Spirit of Aqsa- “Bayangkan anak Anda bangun dini hari menangis kelaparan, tetapi Anda tak punya apa-apa untuk memberinya makan,” ungkap Bassem Hanawi dalam unggahan di Facebook, menggambarkan momen terberat yang ia alami sejak awal perang Israel di Gaza.
Dia melanjutkan, “Pukul lima pagi, anak saya bangun menangis minta makan, tapi tidak ada makanan. Saya hanya bisa mencelupkan roti ke air dan memberikannya.”
Kelaparan melanda bukan hanya anak-anak, tetapi juga orang dewasa yang kini berjuang mencari apa saja untuk mengganjal perut mereka di malam hari.
Kisah serupa diceritakan oleh Muin Ad-Dobah, yang bangun tengah malam dengan kelaparan. Karena persediaan makanan semakin minim, ia terpaksa memakan bantuan pangan untuk bayinya. “Tidak ada roti atau tepung, bubur ini saya ambil dari bantuan untuk anak saya yang berusia enam bulan. Seharusnya ini pengganti susu, tapi saya harus memakannya karena sangat lapar. Kami sudah mengurangi makan dari tiga kali menjadi satu kali sehari, tapi kini bahkan makanan itu pun sulit kami dapatkan.”

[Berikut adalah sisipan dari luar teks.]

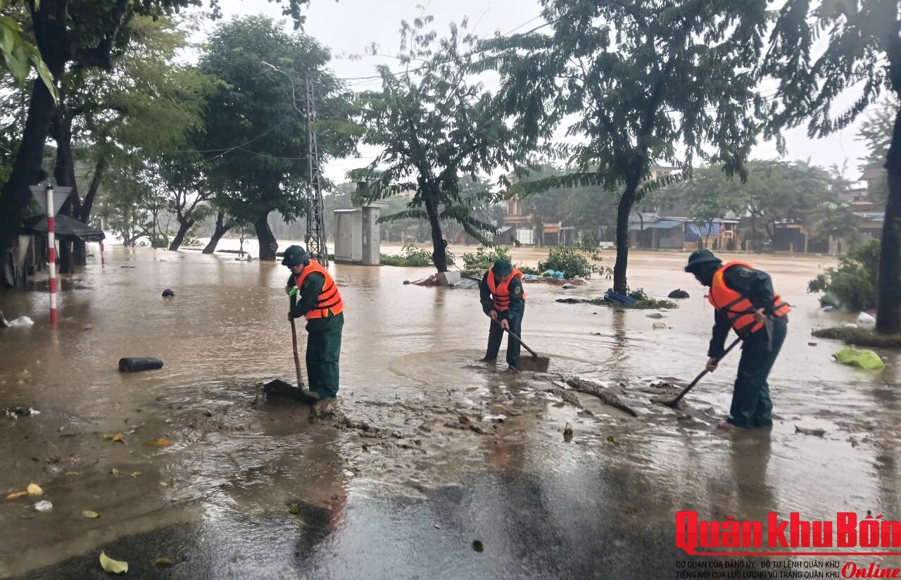 Trên các tuyến đường Lê Lợi, Hùng Vương thuộc phường Thuận Hóa sau khi nước rút đã để lại một lượng bùn đất và rác thải rất lớn, ảnh hưởng đến mỹ quan thành phố cũng như việc đi lại của người dân. Mặc dù, điều kiện thời tiết không thuận lợi song ngay sau khi nước rút Bộ CHQS thành phố Huế đã huy động hơn 200 cán bộ, chiến sĩ Trung đoàn 6 cùng lực lượng dân quân nhanh chóng có mặt xử lý lượng bùn đất và dọn dẹp rác thải trên các tuyến đường này.

Warga Gaza menghadapi krisis pangan sejak awal perang pada 7 Oktober 2023, dengan blokade darat, laut, dan udara yang diterapkan oleh Israel, serta penutupan semua jalur masuk barang dan bantuan.
Jumat lalu, Direktur Analisis Keamanan Pangan dan Nutrisi Program Pangan Dunia, Jan Martin Bauer, memperingatkan bahwa “kelaparan bisa terjadi atau sudah sangat dekat” di beberapa wilayah utara Gaza.

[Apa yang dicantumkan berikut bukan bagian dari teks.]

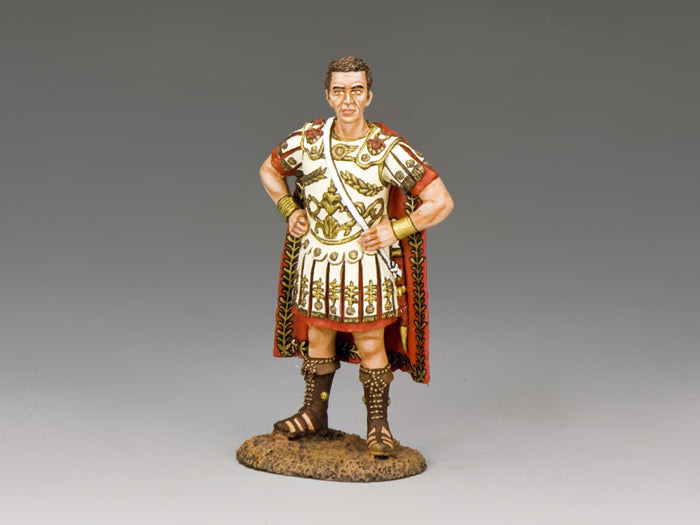 Marcus Antonius, more commonly known in English as Mark or Marc Antony. A powerful Roman politician and general and a staunch ally of Julius Caesar. Following Caesar's death he was involved in a power struggle with Caesar's successor Octavian (later to be called Augustus). Although married to Octavian's sister he carried on an affair with the Egyptian queen Cleopatra who bore him 3 children. Eventually Mark Antony and Octavian's mutual hostility erupted into Civil War and Antony fled to Egypt after his army was defeated at the Battle of Actium. Shortly thereafter the lovers committed suicide. Our figure of Mark Antony in Roman general's uniform and armour is based on the designs used in the 1963 epic "Cleopatra" starring Elizabeth Taylor with Richard Burton as Mark Antony.

Organisasi PBB ini juga mengungkapkan bahwa jumlah truk bantuan yang masuk ke Gaza menurun drastis menjadi hanya 58 truk per hari, dibandingkan sekitar 200 truk pada musim panas lalu.
Tangisan Kelaparan Menggema
Krisis pangan di Gaza semakin memburuk, hingga ungkapan kelaparan memenuhi media sosial. “Saya tidak malu mengakui bahwa saya sangat ingin makan,” tulis Muin Al-Kahlout di platform X. “Saya ingin sayuran, buah, daging, dan ayam, serta keju dan yogurt. Kami sudah lupa rasanya. Bahkan, makanan yang dulunya tak kusukai, jika ada, pasti akan kumakan.”

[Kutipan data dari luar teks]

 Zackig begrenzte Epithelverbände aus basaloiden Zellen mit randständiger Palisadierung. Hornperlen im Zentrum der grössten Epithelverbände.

Ia menambahkan, “Itu saya yang sudah dewasa, bagaimana dengan anak-anak?”
Doaa Al-Sharif melihat tidak ada yang berlebihan dalam tangisan kelaparan ini. Menurutnya, seluruh warga Gaza, dari anak-anak hingga lansia, tidur dalam keadaan lapar setiap malam, di tengah perang yang terus menebarkan penderitaan, pengungsian, kelaparan, dan kehancuran.
Penurunan bantuan membuat harga makanan di Gaza melonjak hingga 10 kali lipat, membuat sekitar 2,2 juta warga Gaza hanya bisa mengenang hidangan sederhana yang dulu mengisi meja makan mereka.
Aktivis Khaled Safi membagikan realitas ini di platform X, menyatakan bahwa biaya satu kali makan malam sederhana—berisi kentang, terong, zaitun, tomat, dan cabai hijau—kini mencapai 40 dolar di tengah perang ini.
Alasan yang sama pula yang dirasakan jurnalis Palestina, Osama Al-Ashi, yang mengakui betapa sulitnya menikmati hidangan salad di tengah perang. “Saya ingin sekali sepiring salad,” tulisnya di akun media sosialnya.
Ibrahim Al-Azaizeh juga mengungkapkan keprihatinannya dengan membeli satu kilogram tomat seharga 55 shekel (sekitar 15 dolar AS), mengingat saat ia masih bisa membeli dua ekor ayam dengan harga yang sama untuk hidangan keluarga.
Program Pangan Dunia melaporkan bahwa selama Oktober lalu, mereka hanya mampu memasok kurang dari 30% kebutuhan pangan warga Gaza.
Dengan dukungan Amerika Serikat, Israel telah melanjutkan operasi militer di Gaza sejak 7 Oktober 2023. Konflik ini telah menyebabkan ribuan syahid dan korban luka, sebagian besar anak-anak dan wanita, dengan lebih dari 10 ribu orang hilang, di tengah kehancuran besar-besaran dan kelaparan yang telah merenggut nyawa puluhan anak-anak dan lansia.